— Ты прав, конечно… Я паршиво себя чувствую, так что, наверное, не смогла бы обслужить тебя по первому разряду.
В ответ Рурк снова погладил ее по волосам.
— Тебе надо выспаться, Шейла. Завтра утром все, что произошло сегодня, будет казаться дурным сном.
Он продолжал гладить ее по спине и по волосам до тех пор, пока ровное дыхание не подсказало ему — Шейла-Мэри-Мария Катарина заснула. Тогда Рурк покрепче прижал ее к себе и тоже закрыл глаза.
Когда на следующее утро Рурк вернулся в свою квартиру, Тодд уже встал.
— Где тебя носило? — осведомился он, на минуту оторвавшись от своего купленного в рассрочку компьютера.
— Гулял на берегу.
Тодд подозрительно прищурился.
— С кем?
— Один.
— Да ладно тебе!.. Как ее зовут?
— Я гулял один, — оборвал его Рурк.
— Ну ладно… — Тодд недоверчиво фыркнул. — Кофе готов, но молоко кончилось… — сказал он, задумчиво поглядывая на экран. — Если будет время, сходи в магазин. Кстати, хлеба тоже нет.
Ной решил дать Марис неделю.
Он считал, что жене, которая застала своего мужа на месте «преступления», нужен некий период времени, чтобы смириться со своим новым положением. По его мнению, семи дней Марис должно было хватить, чтобы зализать раны, нанесенные ее самолюбию. За этот срок бог создал мир; задача же, которая стояла перед нею, была куда скромнее.
Существовала и еще одна причина. Через неделю истекал срок, назначенный, а вернее — навязанный ему Блюмом, и Ной хотел, чтобы к этому времени он мог со спокойной душой сообщить своему новому партнеру, что все идет нормально.
Это было тем более важно, что Ной прекрасно понимал: он интересует Блюма лишь постольку, поскольку является членом семейства Мадерли. И если Марис — а вслед за ней и Дэниэл — решат от него отделаться, сделка с «Уорлд Вью» будет сорвана. Вот почему перед встречей с магнатом ему необходимо было примириться — или создать видимость примирения — с Марис.
Ной даже готов был сам попросить у нее прощения, если по какой-либо причине Марис не сделает этого первой. Пусть ему придется унижаться и поползать перед ней на коленях — все это было сущим пустяком по сравнению с наградой, которая ожидала его в ближайшем будущем.
Пока же Ной снял номер в «Плазе» и перевез туда свои вещи. Пусть Марис пока поживет одна, рассуждал он. Пусть перебесится. И пусть как следует подумает о том, что будет с ней и с Дэниэлом, если она все же решит с ним развестись.
«Ничего у тебя не выйдет, моя дорогая!» — думал Ной. Он был уверен, что высказался достаточно ясно, чтобы мысль о разводе могла прийти Марис в голову.
Но на следующее утро после ссоры у дома Нади Ною пришлось снова встретиться с Марис на похоронах Говарда Бэнкрофта. Это было очень некстати, но не пойти на похороны Ной не мог, чтобы не вызвать ненужных разговоров.

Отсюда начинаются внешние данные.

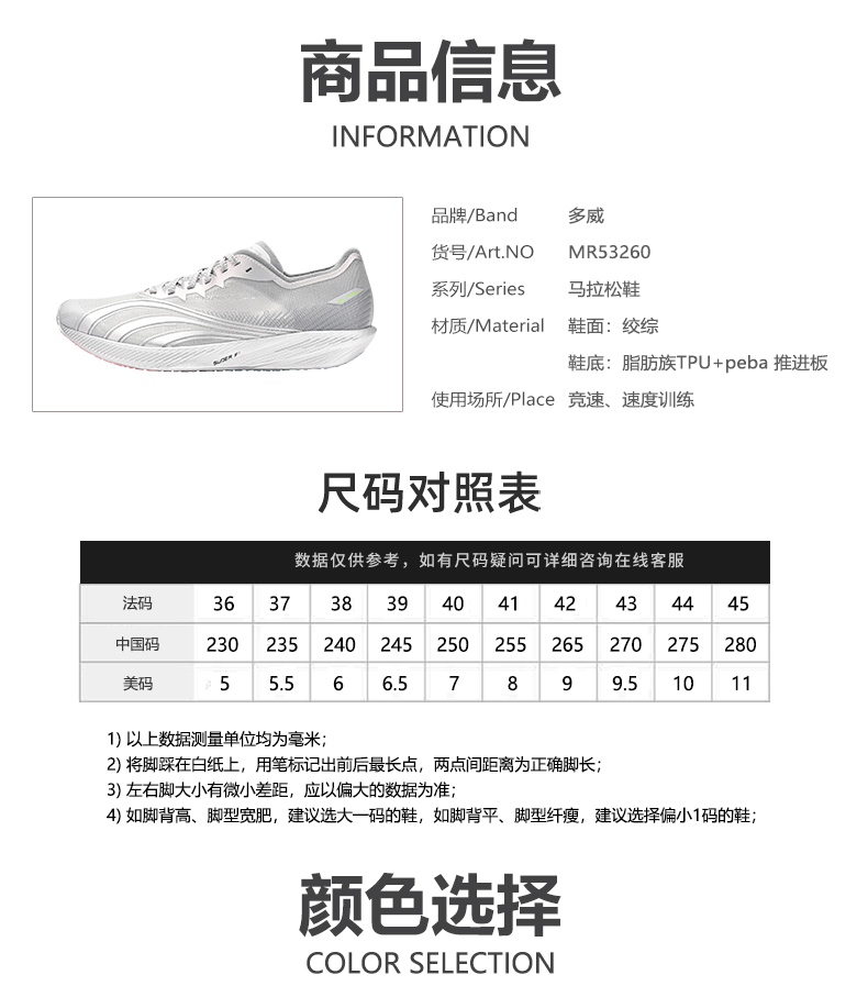 多威隐忍2代薄底场地竞速男女超临界训练跑鞋MR53260

Когда Ной подъехал к синагоге, первым, кого он увидел, был Дэниэл. Он стоял у входа один, и по его виду Ной сразу догадался, что его тесть ничего не знает. Это был хороший знак.
Ной напустил на себя подобающий случаю печальный вид и, подойдя к тестю, обменялся с ним крепким рукопожатием.
Дэниэл спросил, где Марис.
— Я думал, она уже здесь, — ответил Ной. — Мне пришлось выехать раньше ее, чтобы заскочить в офис.
Похоже, Дэниэл ему поверил. Во всяком случае, он ничего не сказал и даже позволил Ною взять себя под руку и увести с улицы под крышу, когда пошел теплый летний дождичек.
Марис приехала несколько минут спустя. В черном траурном платье она казалась бледной и болезненно худой. Черное ей не шло — Ной, во всяком случае, терпеть не мог, когда Марис облачалась в черное.
Заметив Ноя и Дэниэла, которые стояли у стены, ожидая ее, Марис на мгновение замедлила шаг потом высоко подняла подбородок и стала пробираться к ним сквозь толпу. Глядя на нее, Ной едва сдержал улыбку. Он твердо знал, что Марис не станет устраивать сцен ни здесь, ни на кладбище, как был уверен, что она ни слова не скажет отцу о том, как застала его у Нади. Для этого Марис была слишком горда, однако именно это делало ее такой предсказуемой.
И управляемой.
Нежно обняв отца, Марис спросила:
— Как ты, па?
— Хорошо, насколько это возможно в подобных обстоятельствах, — отозвался Дэниэл. — Мне жаль Говарда и жаль его семью… Может, пройдем вперед?